------ INFORMATION SUPPLIED
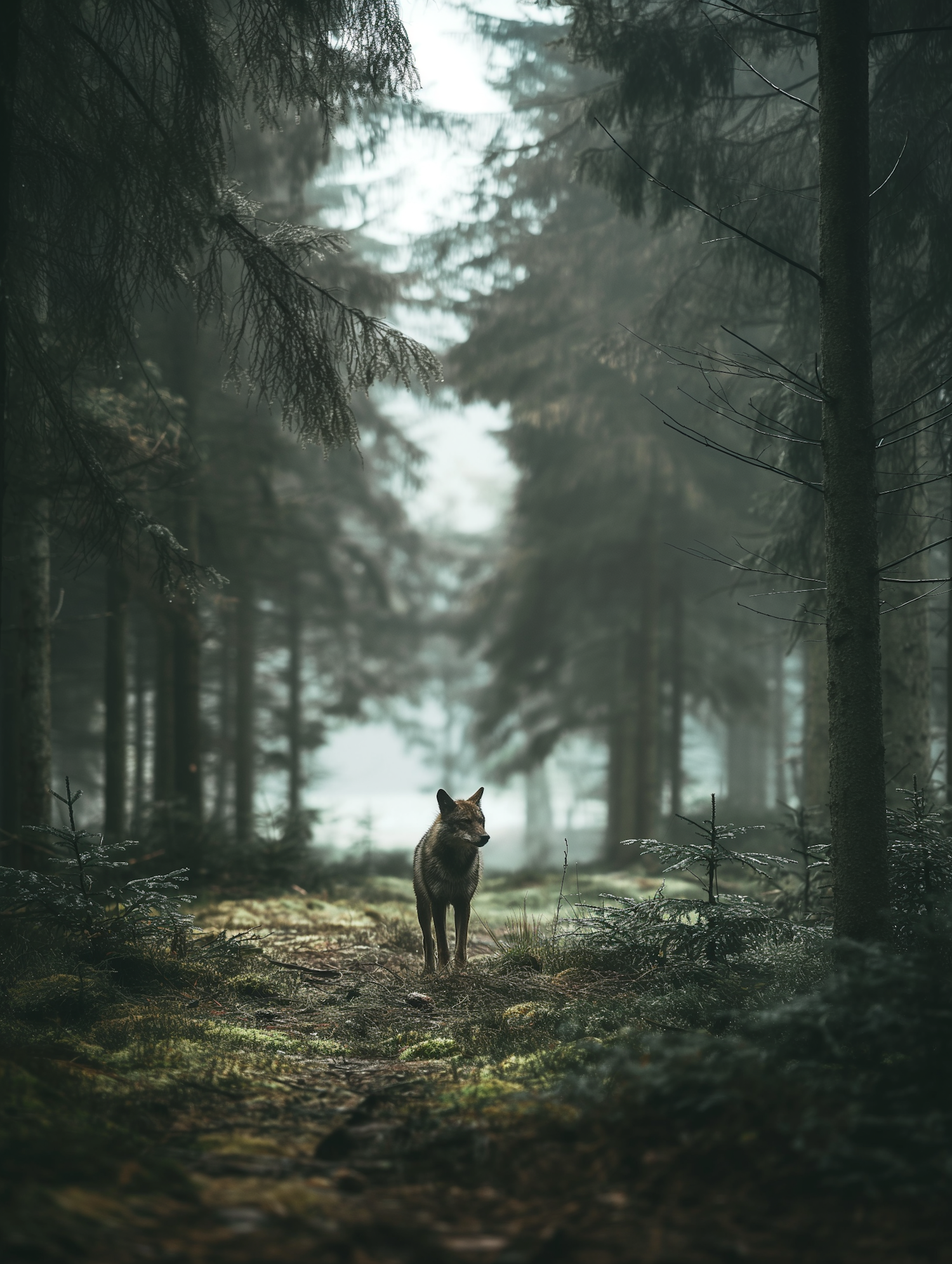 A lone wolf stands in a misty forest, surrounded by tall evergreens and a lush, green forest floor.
------------
------ INFORMATION SUPPLIED
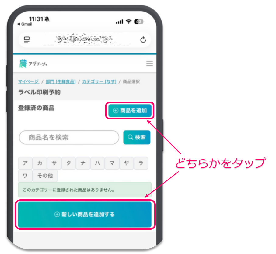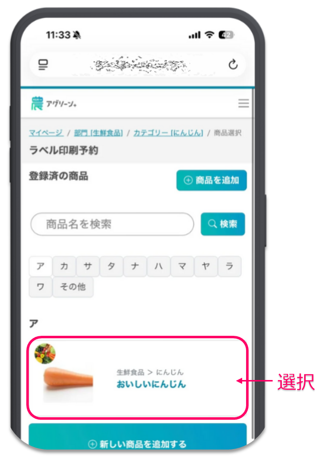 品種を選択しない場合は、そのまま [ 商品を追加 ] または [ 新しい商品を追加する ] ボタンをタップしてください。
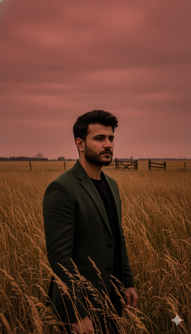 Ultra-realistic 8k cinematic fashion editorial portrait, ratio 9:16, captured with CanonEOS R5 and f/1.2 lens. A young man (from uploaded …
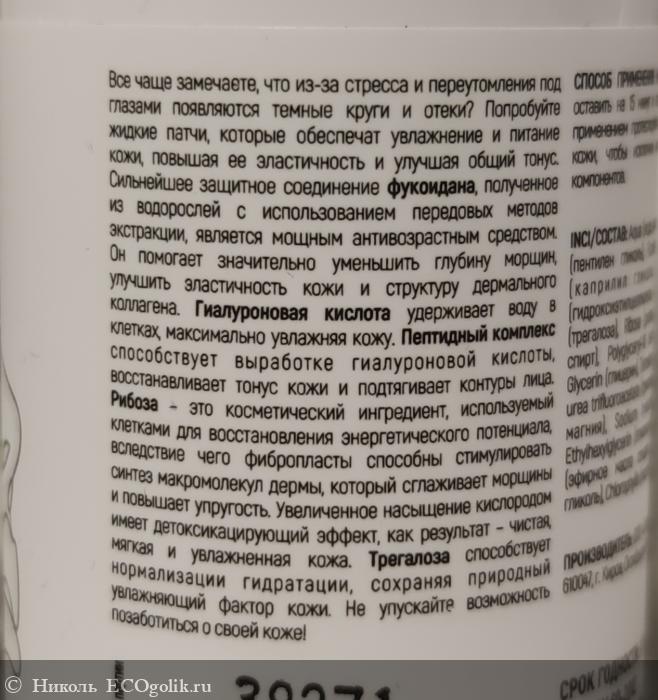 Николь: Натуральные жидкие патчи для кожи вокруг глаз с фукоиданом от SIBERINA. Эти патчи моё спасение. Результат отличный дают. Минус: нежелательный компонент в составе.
------------
Whatever pictures the records hold, omit them; give again exactly the lines from the one containing "Ultra-realistic 8k cinematic" through the one containing "Николь: Натуральные жидкие".

- _SOLUTION TO THIS TASK_:
 Ultra-realistic 8k cinematic fashion editorial portrait, ratio 9:16, captured with CanonEOS R5 and f/1.2 lens. A young man (from uploaded …
 Николь: Натуральные жидкие патчи для кожи вокруг глаз с фукоиданом от SIBERINA. Эти патчи моё спасение. Результат отличный дают. Минус: нежелательный компонент в составе.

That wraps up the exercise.